When he arrived at Ram’s Gate Winery three years ago, Joe Nielsen found himself googling an unusual question: “Can I rent sheep?”
This may seem like a strange request for a head winemaker, but if you visit the Sonoma winery today, it all makes perfect sense. It’s spring, which means hundreds of sheep are once again frolicking, eating, baaah-ing, and pooping on Ram’s Gate’s 150-acre property.
Meet the “wooly weeders,” a roving band of sheep that helps California wineries with eco-friendly farming, landscaping, grounds maintenance, and fire protection.
In early spring, they mow, weed, and fertilize the vineyards, which saves grape-growers time and money while also reducing the operation’s environmental footprint. In early summer, sheep eat the vines’ young leaves, clearing the way for more sunlight and air to reach the grapes, which helps prevent mold and mildew while promoting even ripening and deep flavor.
They create firebreaks to help protect properties ahead of wildfire season and munch on invasive plants in fallow fields, giving native species more breathing room.
As an added benefit, the sheep also bring pure, unadulterated joy to vineyard staffers and customers.
“Year one, we were over the moon with happiness, ‘Oh my gosh, this is so fun to watch,'” said Nielsen. “Now we’re in year three, and it still feels like it’s a holiday when the sheep arrive.”
The wooly weeders belong to Don and Carolyn Watson, who split their time between California and Colorado. After his best friend died of cancer in the mid-1980s, Don Watson, now 63, re-evaluated his priorities and his life’s purpose. He quit his job as an accountant in San Francisco, and the young couple moved to Australia and New Zealand for a year, where they learned sheep husbandry.
When they returned, they settled in Napa Valley and began building up their own herd. Initially, the Watsons supplied open-range, milk-fed lamb to Northern California restaurants, but a chance occurrence soon added an unexpected revenue stream.
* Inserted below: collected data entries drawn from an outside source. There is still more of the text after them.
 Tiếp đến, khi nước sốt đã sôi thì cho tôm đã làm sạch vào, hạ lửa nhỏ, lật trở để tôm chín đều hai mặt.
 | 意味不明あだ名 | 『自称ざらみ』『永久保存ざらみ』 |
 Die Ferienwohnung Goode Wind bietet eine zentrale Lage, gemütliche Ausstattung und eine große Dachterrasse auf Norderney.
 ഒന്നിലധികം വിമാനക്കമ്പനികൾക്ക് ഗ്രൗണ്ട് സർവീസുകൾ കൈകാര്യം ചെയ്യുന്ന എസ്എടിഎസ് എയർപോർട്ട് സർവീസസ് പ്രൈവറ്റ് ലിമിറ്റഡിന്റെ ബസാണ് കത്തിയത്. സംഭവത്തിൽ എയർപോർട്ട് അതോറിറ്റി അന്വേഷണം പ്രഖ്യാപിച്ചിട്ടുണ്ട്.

One day in 1991, their sheep wandered into a nearby vineyard owned by Robert Mondavi, the pioneering Napa Valley winemaker. Embarrassed at his flock’s behavior and horrified by the potential damage the sheep caused, Don Watson took over two butchered lambs to make amends. A few days later, however, the vineyard manager called and asked if he could bring the sheep back. As it turned out, they were great weeders and fertilizers for the vineyard.
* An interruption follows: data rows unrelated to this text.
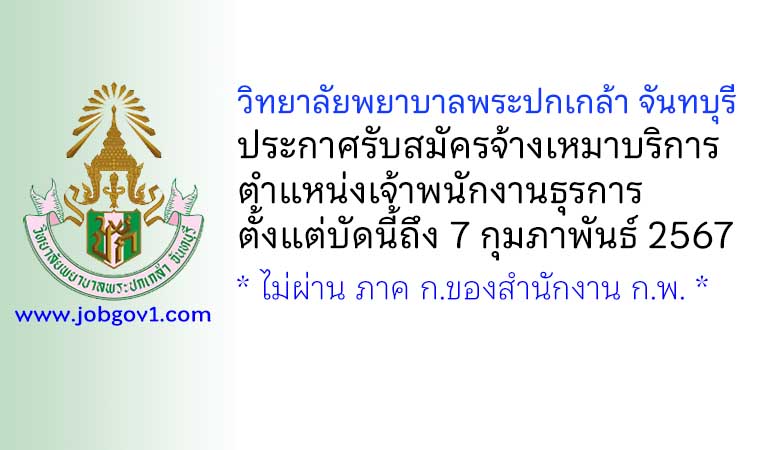 ประกาศวิทยาลัยพยาบาลพระปกเกล้า จันทบุรี เรื่อง รับสมัครจ้างเหมาบริการ ตำแหน่ง เจ้าพนักงานธุรการ
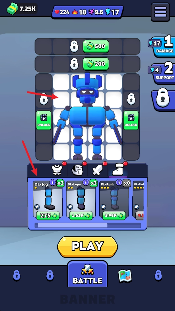 在游戏里,我们得自己把机器人的各个部件拼接起来,拼成一个完整的机器人。
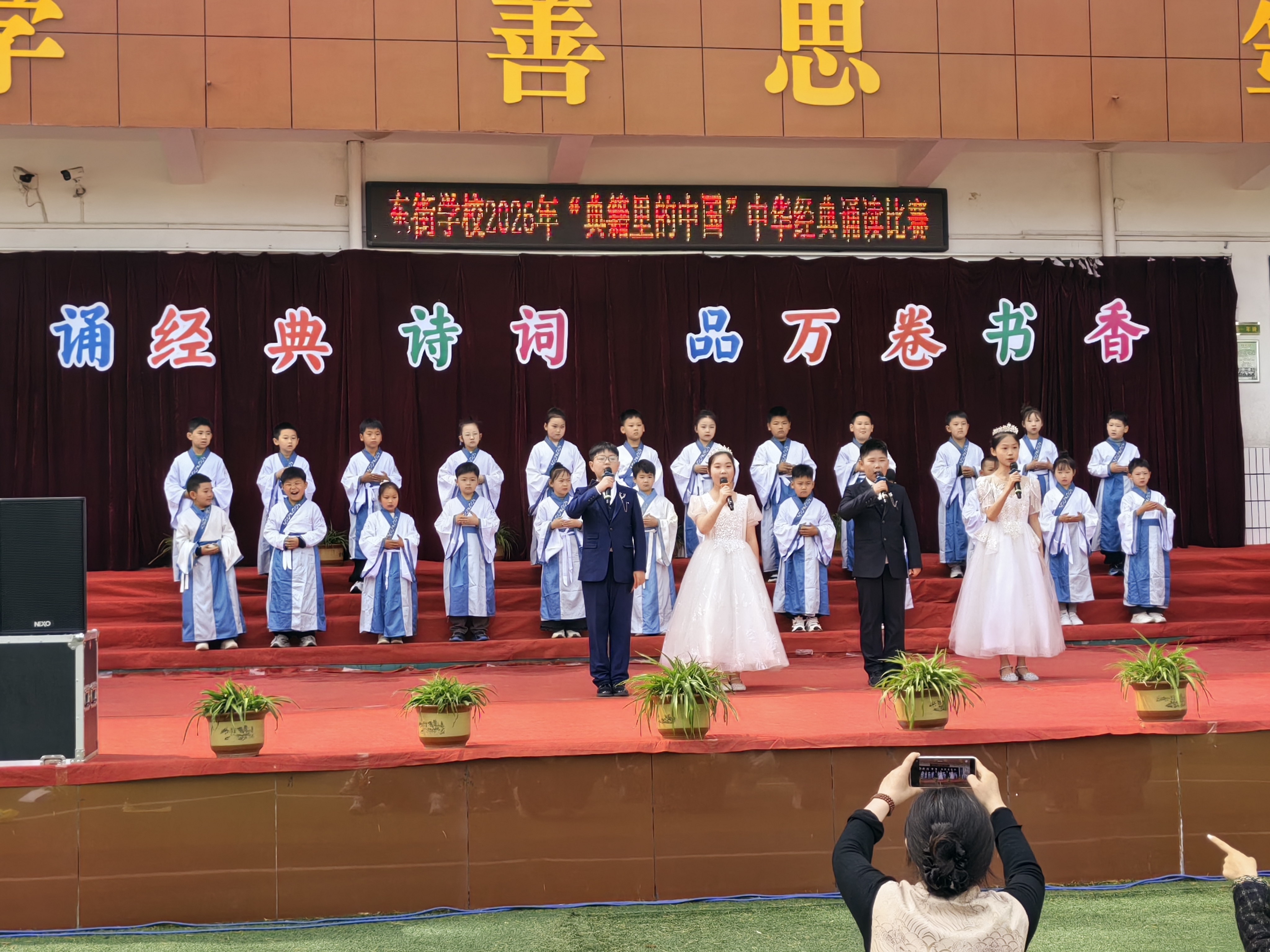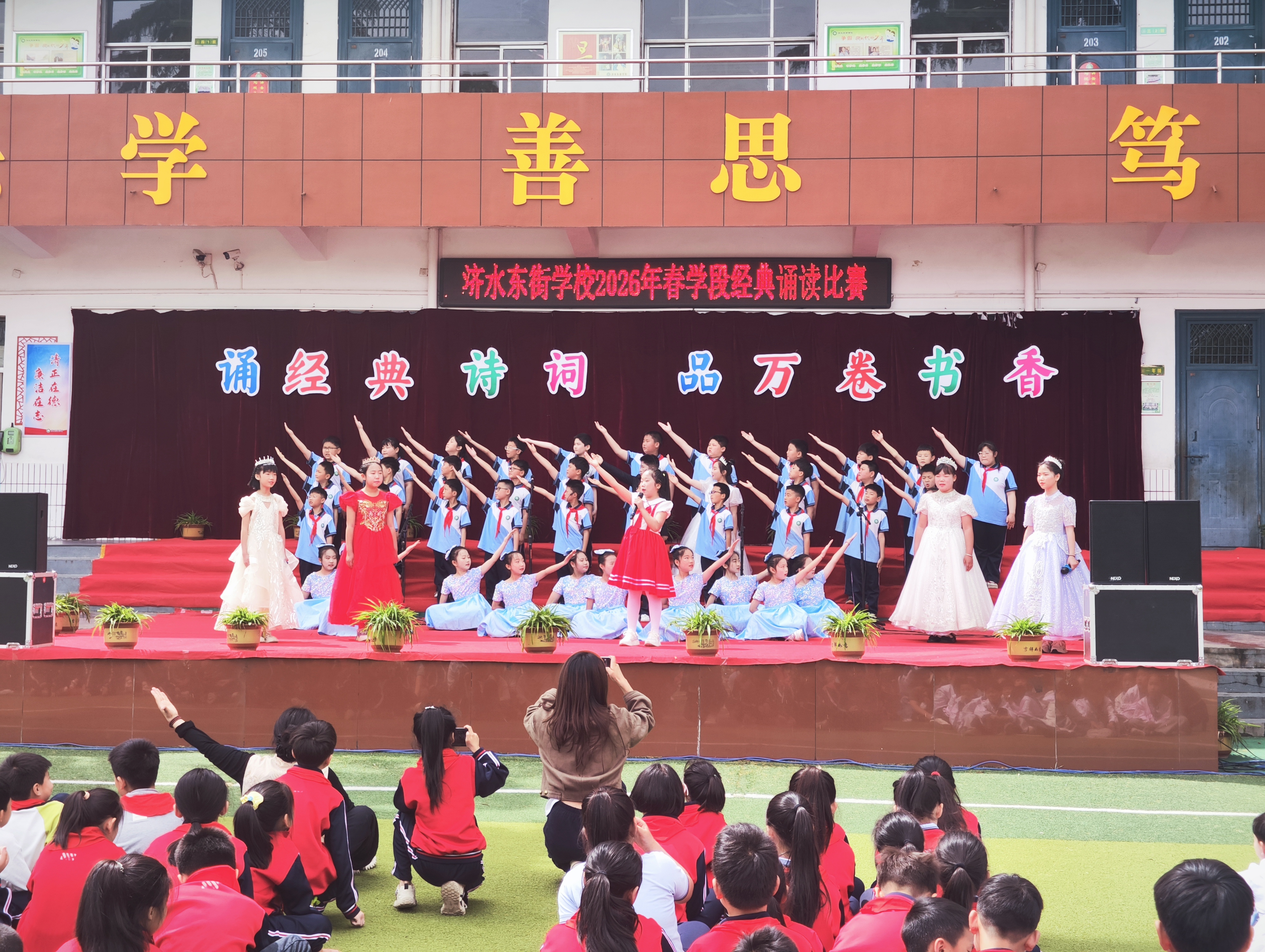 人间四月,春意融融;书香校园,雅韵流芳。为积极弘扬中华优秀传统文化,4月22日上午,济源市济水东街学校举行“诵经典诗词 品万卷书香”经典诵读活动比赛。该校一至六年级学生以声为媒、以诗为桥,共同演绎了一场浸润心灵的文化盛宴。

And so began the Watsons’ new venture. Today, their flock consists of 2,500 ewes and more than 3,000 lambs. In late February and early March, the sheep start in the Carneros American Viticultural Area, munching down the weeds and cover crops that grow among the chardonnay and pinot noir grapevines.
When tiny buds begin to emerge, the sheep head north to vineyards growing merlot, cabernet sauvignon, cabernet franc, and other Bordeaux varietals, which reach bud-break a little later. (The sheep have discerning palates: They love mustard blossoms, rye, and radishes, and will eat the new growth if given the chance.)
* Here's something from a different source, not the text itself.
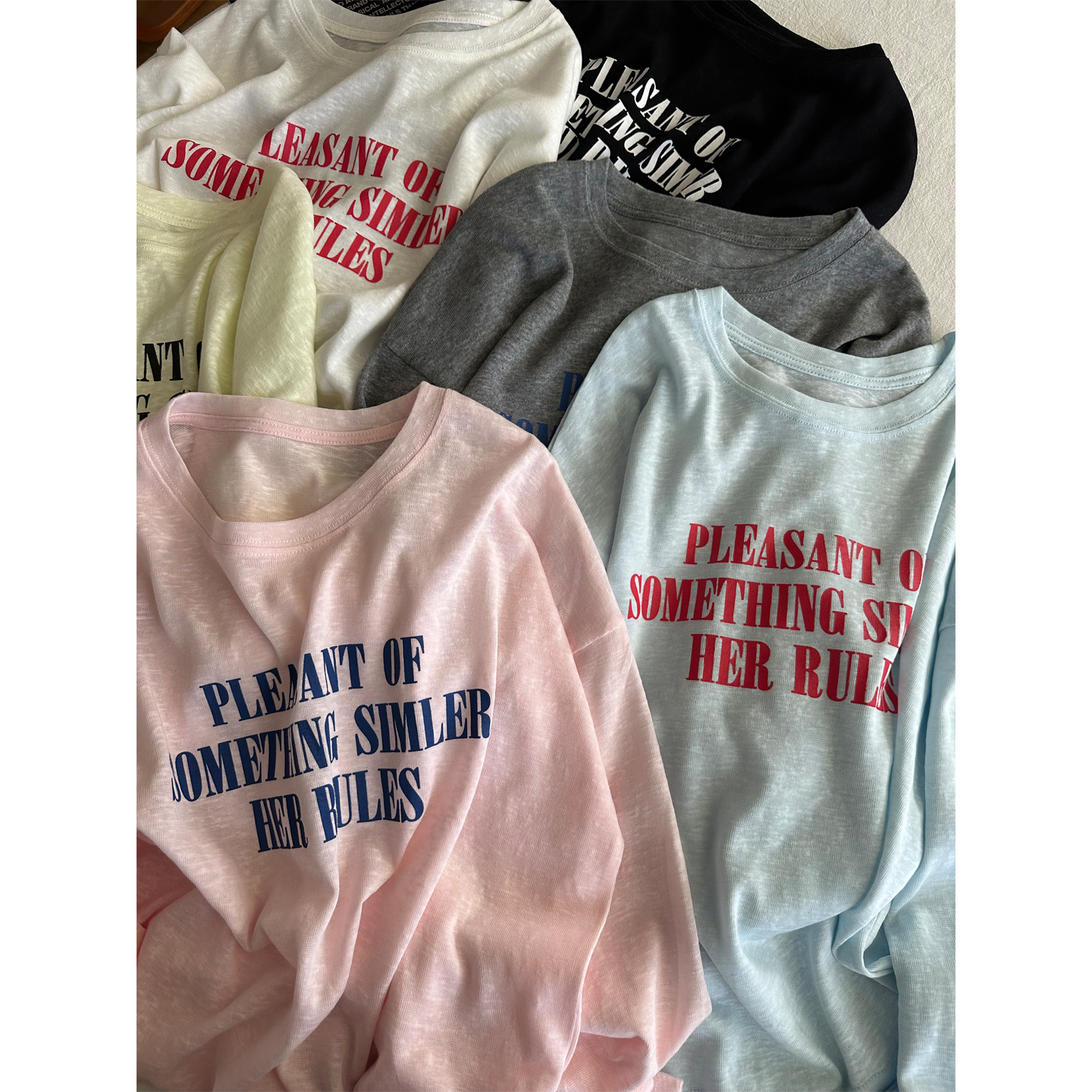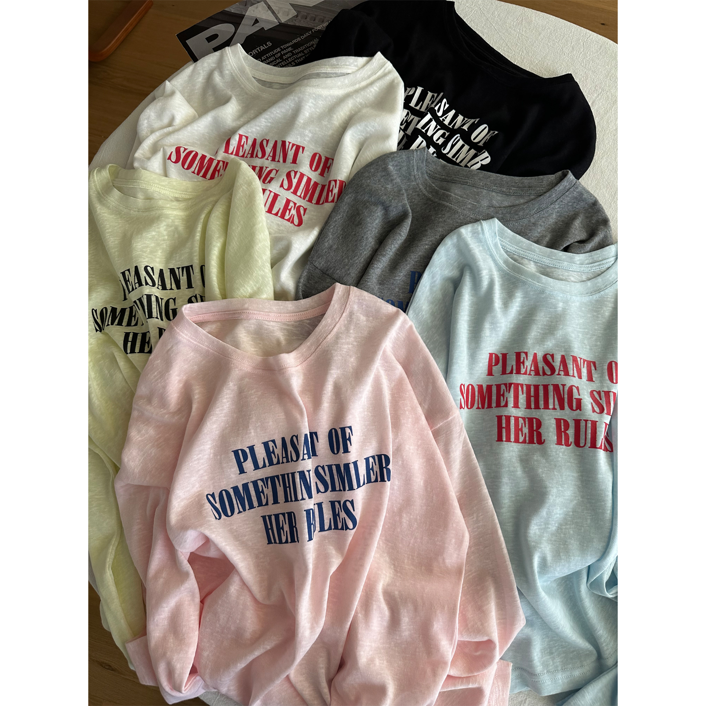 韩系麻感棉透气韩版字母印花长袖T恤女宽松显瘦薄款防晒空调罩衫
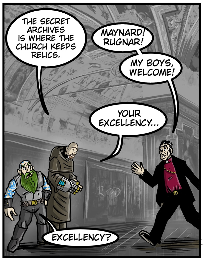 Maynard and Rugnar go to the Vatican to debreif with Bishop Billings and are interrupted by an unexpected visitor!

By using sheep, vineyards are drawing on old-school farming and natural land-management practices that were the norm before the advent of high-tech machinery and chemicals. They hope wine-drinkers can taste this return to simpler times in the end product, too.
“Grazing animals have always been a part of the grasslands, and this is just an enhancement of that natural activity,” said Don Watson. “And what vineyards are always trying to do is develop nuance, a unique character and flavor in their wines. One way to do it is to enhance the tilth and nutrition of the soil to get the optimal flavors out of the wine grapes. We play a role in that terroir.”
While some vineyards put sheep on the payroll temporarily, others keep them on full-time. Tablas Creek Vineyard, an organic vineyard in Paso Robles specializing in Rhone varietals, has more than 250 sheep, plus a full-time shepherd, donkeys, a llama, alpacas, herding dogs, and guard dogs to help take care of them.
“We have 270 acres of property and the sheep graze all of it,” said Jason Haas, Tablas Creek’s general manager and partner. “About 100 are creekbed or oak forest, where they clear out the understory and reduce our fire risk. The other 170 are vineyards or soon-to-be-vineyard, and they’re building up those soils annually.”
In addition to being photogenic, which is a boon to wineries’ marketing efforts, sheep also support their sustainability goals. Growers can reduce their use of synthetic herbicides—or eliminate them entirely—and make fewer passes with tractors and farm machinery, thus lowering greenhouse gas emissions. (Tractors also get stuck in the mud during California’s rainy season, whereas sheep have no trouble navigating sticky situations.) Their droppings serve as a natural, chemical-free fertilizer.
“It’s all interconnected,” said Tom Gendall, winemaker for Cline Cellars and Jacuzzi Family Vineyards in the North Coast, which benefit from the Watsons’ wooly weeders. “We really, really love them. It’s good for the environment, it’s good for the grapes, it’s good for the vines, it’s good for everything.”